US and UK sanctions on Russia’s Lukoil forced Baghdad to freeze payments and crude entitlements at one of Iraq’s biggest fields, turning an external geopolitical tool into an operational shock for OPEC’s second-largest producer.
BAGHDAD / BASRA — The West’s sanctions campaign against Russia spilled directly into Middle East energy plumbing in November, after Lukoil declared force majeure at Iraq’s West Qurna-2 oilfield, citing disruptions caused by US and UK sanctions.
West Qurna-2 is not a marginal asset: it accounts for roughly 9% of Iraq’s oil output, producing around 480,000 barrels per day. That scale turns a legal and financial restriction into something closer to a sovereign operational risk.
A “payments freeze” becomes a production risk
Once Lukoil was sanctioned, Iraqi authorities froze the normal channels used to compensate the operator — both cash payments and in-kind crude liftings — because engaging a sanctioned entity risks secondary penalties and compliance breaches.
Reuters reported that Iraq’s state marketer SOMO cancelled loadings linked to Lukoil’s share, and that the freeze interrupted around 4 million barrels of in-kind payments allocated for November.
For Baghdad, the dilemma is structural: Iraq can’t easily keep a sanctioned operator whole, but it also can’t afford disruption at a field that anchors national revenue.
Force majeure is leverage — and an exit threat
Lukoil’s force majeure notice is not only a legal shield.

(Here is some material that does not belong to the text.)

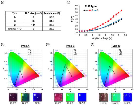 Characteristics of the TLC display in the CIC sensor. (a) A comparison of display sizes and corresponding resistances for the TLCs (Types A, B, and C). The main substrate utilizes fluorine-doped tin oxide (FTO) with a native resistance of 25 Ω. (b) Comparison of applied voltages and the resulting temperature changes for the three TLC displays. (c) CIE 1931 chromaticity diagram of Type A TLC, along with actual images at 23.2 (denoted as L), 26.1 (M), and 30 (H) °C. (d) Type B TLC, featuring actual images recorded at 23.1 (L), 26.8 (M), and 32.7 (H) °C. (e) Type C TLC, with actual images recorded at 22.7 (L), 26.6 (M), and 31.2 (H) °C. Voltages are applied in the range of 0 to 3.2 V.
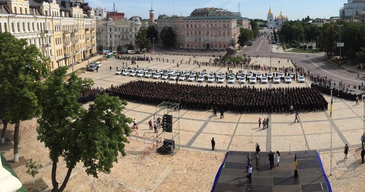 Patrol police pledged allegiance to Ukrainian people at Sophia Square in Kyiv.

It is leverage. Reuters reported the company warned Iraq that if the underlying constraints are not resolved within six months, it could cease production and exit the project.
This shifts the bargaining frame from “how to keep operations normal” to “how to prevent a strategic asset from becoming unmanageable under sanctions compliance.”
Baghdad’s preferred solution: time to engineer a sale
By mid-November, Iraqi officials were discussing seeking a six-month waiver from the US Treasury to create space for Lukoil to sell its stake, rather than forcing an abrupt rupture.
That request — even if only exploratory — reveals how Iraqi decision-makers see the problem: not ideological alignment, but transaction management. A waiver buys time to run a controlled transition to a buyer who can operate without sanctions constraints.
The wider pressure point: “energy war” tools don’t stay regional
This episode underlines a broader reality: when sanctions target major energy firms, the effects can ricochet into third countries’ production stability — especially where contracts rely on cost recovery, crude entitlements, international staffing, and cross-border service chains.
For Europe, the relevance is not sympathy or blame; it is exposure. Tightening or loosening supply at a 480kbpd node changes the risk distribution in oil markets — precisely when geopolitics is already feeding volatility.